Where Did You Sleep Last Night?

Lynn Crosbie

With the smallest suspension of disbelief, we’re prepared to embrace the Marvel Cinematic Universe, with its deep conspiracies, otherworldly technology and skyscraper-flattening dust-ups between super-powered good and evil. So why not the Crosbie Literary Universe? Undoubtedly as special, the CLU’s cerebral but pop outlook, operatic sensibilities (artificial and emotionally overwrought at once), and hallucinatory weirdness do not have the mass-market cachet of the MCU. Still, it’s eminently worthy of our attention. Crosbie’s inventive latest (which clearly shares familial traits with Dorothy l’Amour and Life Is About Losing Everything) is a hypnotically perverse opiate fantasy, a “true story” that began, the author notes, as a young-adult novel that “only a lunatic would publish.” With a cast of extras that includes: an ex-groupie mother who drinks spiked Snapple; Marilyn, an ancient former showgirl with bark-textured skin; a prostitute named Strawberry Quick; and Lee Tater, “California’s biggest Liberace fan,” the restless, funny and artfully crazed story tells about the “complicated affections” between struggling teenage singer and the book’s frequent narrator, Evelyn Gray, and Celine Black, the charismatic frontman of Bleach (and a seeming reincarnation of Kurt Cobain).

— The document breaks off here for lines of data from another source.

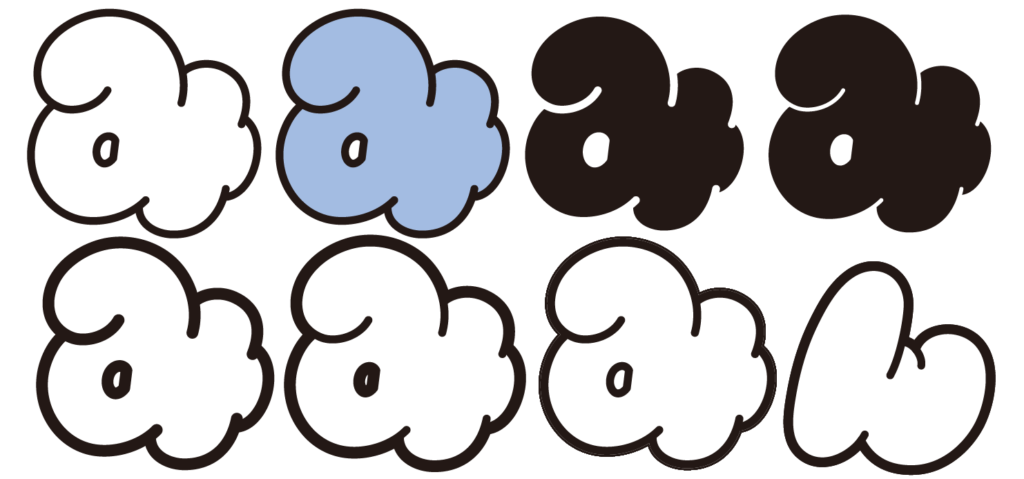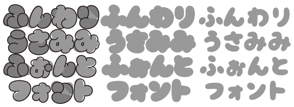 ふんわりラウンドのボールドとして出そうと思ってたけど、もしかしたら同一フォントだと思ってもらえないんじゃないだろうか。私の中ではくい込みを入れたボールドだけど無理があるかも?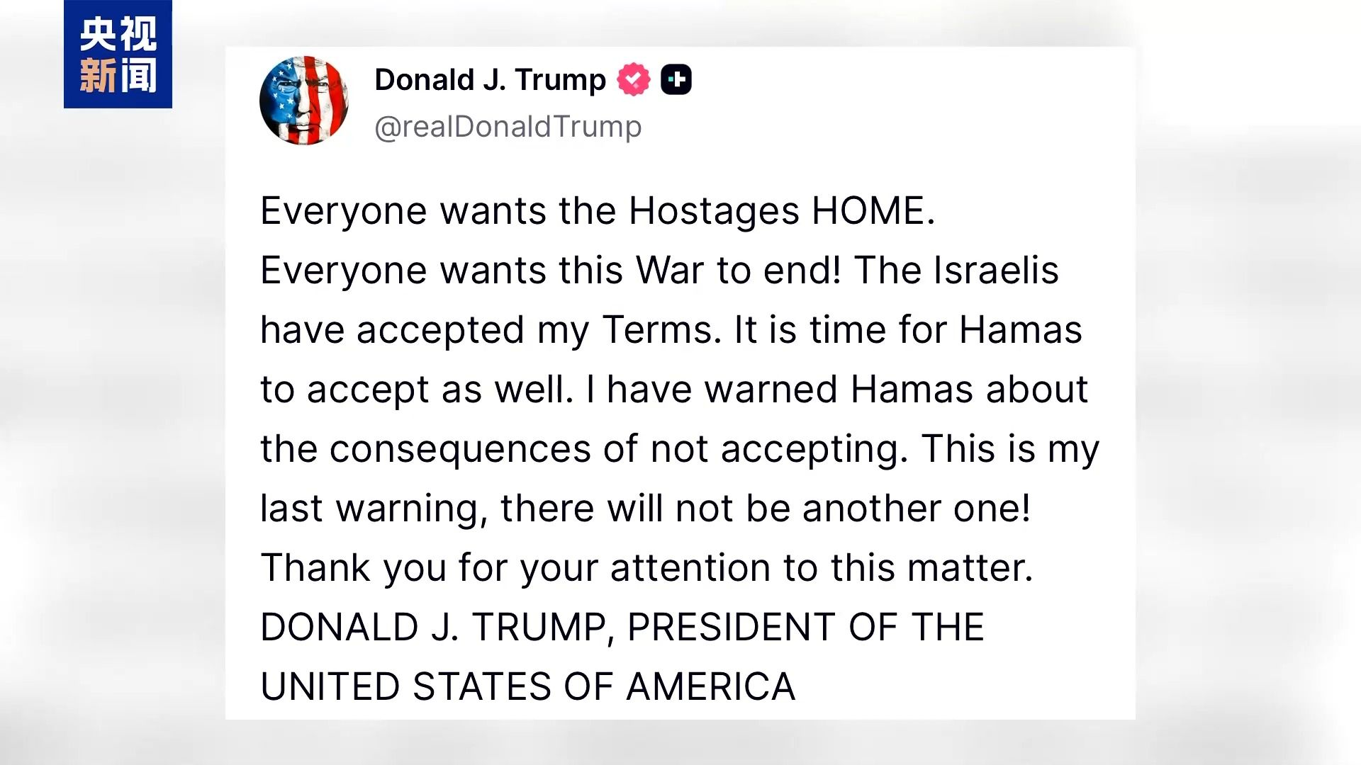 据半岛电视台报道,美方的提议包括哈马斯释放所有剩余的48名被扣押人员,以色列方面释放约3000名巴勒斯坦被扣押人员;以及以色列不会占领加沙城。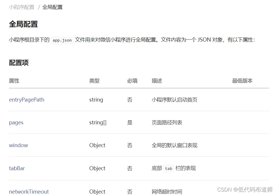 要学习一套模板,我们就要从头开始阅读代码,那从哪个位置开始看起呢?首先是要先阅读微信小程序的入口文件。入口文件是app.json,这个配置文件是我们程序的全局配置文件,具体的配置项可以参考官方的文档

After escaping a mental hospital (where Evelyn, of Carnation, Wash., age 15, has awoken after a suicide attempt), the two rebels flee to a series of fleabag motels in L.A. Between mainlining heroin and chugging Oxycontin shakes, the Bonnie-and-Clyde-meet-Kurt-and-Courtney of 2014 become post-grunge stars while committing murder and arson, and signing to a remake of A Star Is Born. “When had my life become an esoteric melodrama?” Evelyn asks, and Crosbie documents every wrong turn on this couple’s road to ruination. At heart, a teenage girl’s “traumatic sense of loss, pain and loneliness” animates the story. But, really, it’s another fever-dream of the CLU. Adventurous fanboys and girls will enjoy it as such.